Question Hello I'm a student working on a project for school. I need to talk to an expert. I have many questions but here are some: Why does no one know if they really exist? What were some of the plants in the gardens? How were the plants watered? Did the king hire people to maintain the garden or did no one maintain it?
Answer Hello,
actually the hanging gardens of Babylon, one of the Seven Wonders of the World, perhaps built in the sixth century BC by Nebuchadnezzar for his wife, and destroyed by several earthquakes after the 2nd century BC, belong to the Babylonian history which has nothing to do with Ancient Greek and Roman History that are my field of expertise, as you can see at my profile.
Anyway I can tell you that:
1- we know that the hanging gardens of Babylon really existed thanks to two reliable sources, i.e.
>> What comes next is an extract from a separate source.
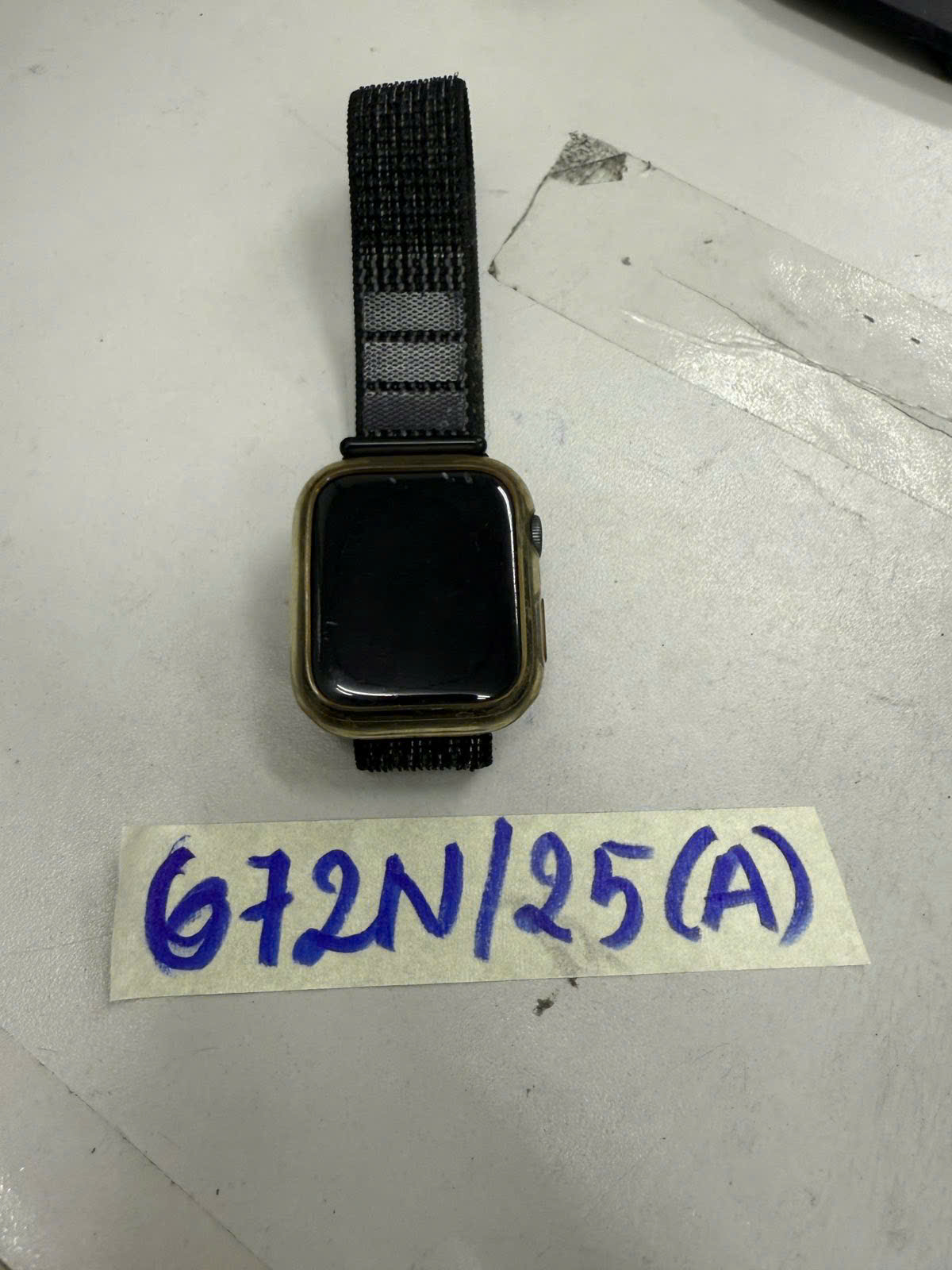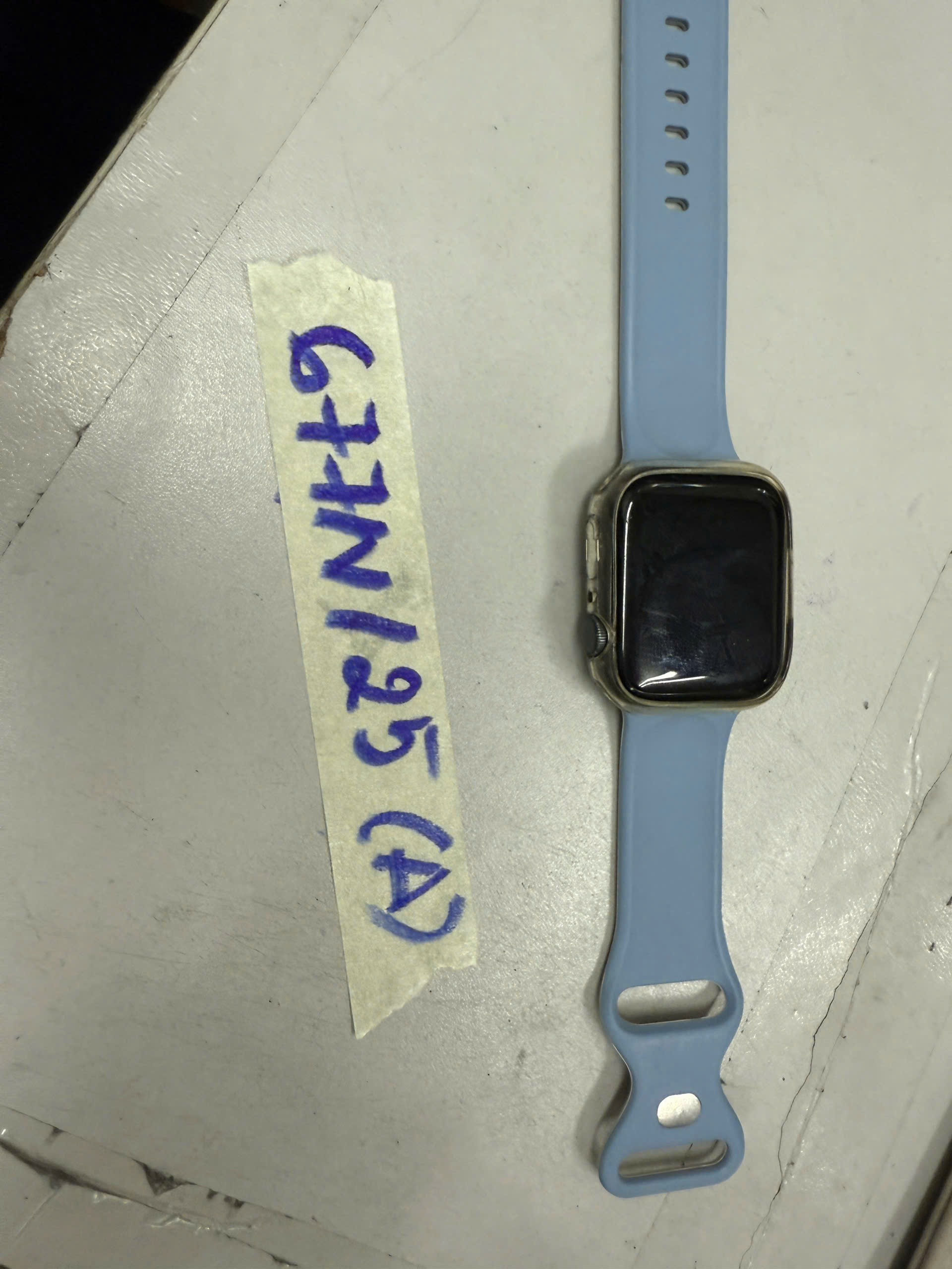 Ngày tiếp nhận: 14/4/2025 Mã hồ sơ: 677N2025A Mô tả: 01 đồng hồ Apple watch mặt màu đen dây cao su xanh da trời. |

DIODORUS SICULUS (Greek historian who flourished in the 1st century BC) and STRABO, Greek historian and geographer (born 63/64 BC – died ca. AD 24).
It seems however that they both have elaborated the information found in Berossus, a Chaldean priest who lived in the late 4th century BC.
Diodorus describes the hanging gardens as a "series of superimposed terraces of reducing size, rising to a height of 75 feet (100 feet (30 m) long by 100 feet (30 m) wide , while Strabo says that they were much larger, with a square base with each side 400 feet long.
2-both Diodorus and Strabo say that in the gardens there was every kind of trees and plants.
3-both Diodorus and Strabo say that the water was brought from the Euphrates River to the garden by some conduits for the water which was raised by pumps.